**Work to complete**
Please, without any pictures, transcribe the lines from the one holding "Kaftan worn by" to the end of the listing, both ends included.

**Data section**
════════════════

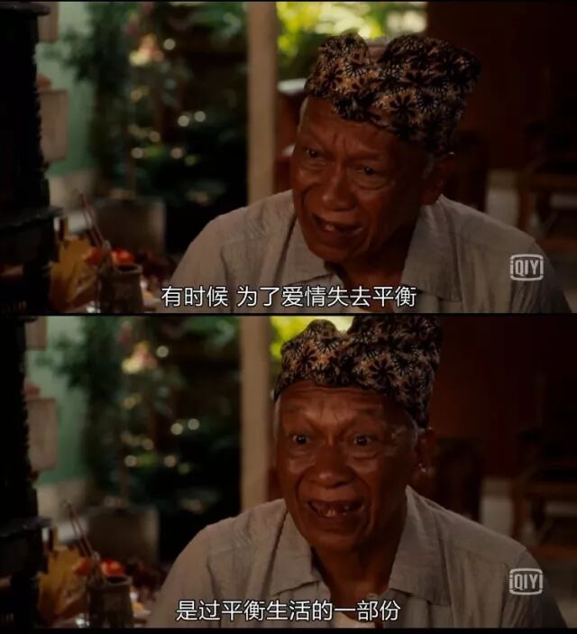 在巴厘岛,当女主害怕内心的平衡会因为新恋情而打破时,巫医和她说:“有时候,为爱情失去平衡,也是过平衡生活的一部分。”顺其自然才是维持身心平衡的秘诀,刻意忽略或排斥感情的来临,才是另一次身心失衡的开始。巫医希望伊丽莎白不要惧怕爱,要学会在恋爱中微笑,用肝去微笑。
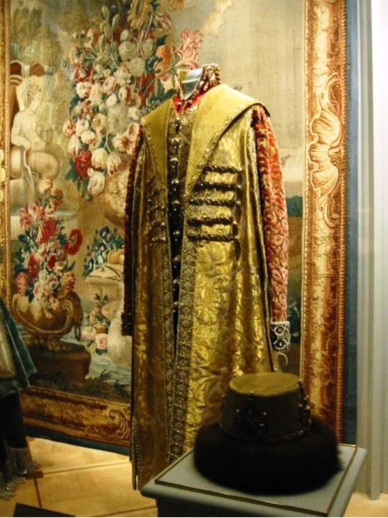 Kaftan worn by Emperor Nicholas II (right). Manufactured: Russia, 1903, cufflinks and buttons – Constantinople 2nd half of the 17th century. Materials: Golden velvet, silk, satin. Work: Sewing, casting, chasing.
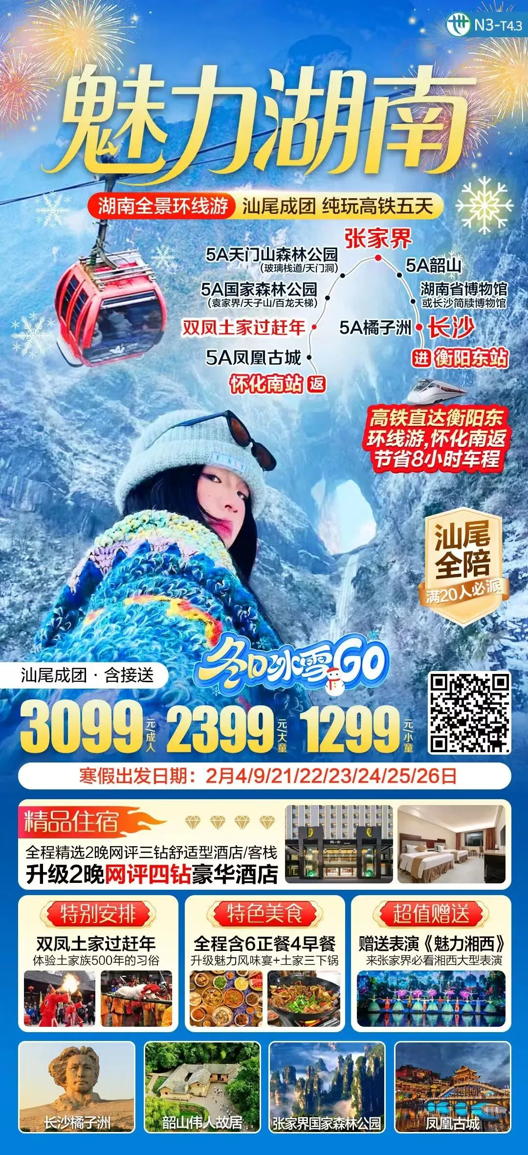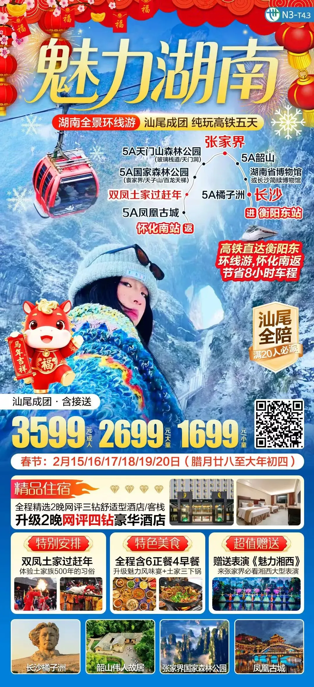 【携程旅游】2月9/15/17/18/19号铁发→畅游长沙橘子洲•韶山•张家界72骑楼·天门山•纯玩高铁5日游

════════════════

**Task response**
 Kaftan worn by Emperor Nicholas II (right). Manufactured: Russia, 1903, cufflinks and buttons – Constantinople 2nd half of the 17th century. Materials: Golden velvet, silk, satin. Work: Sewing, casting, chasing.
 【携程旅游】2月9/15/17/18/19号铁发→畅游长沙橘子洲•韶山•张家界72骑楼·天门山•纯玩高铁5日游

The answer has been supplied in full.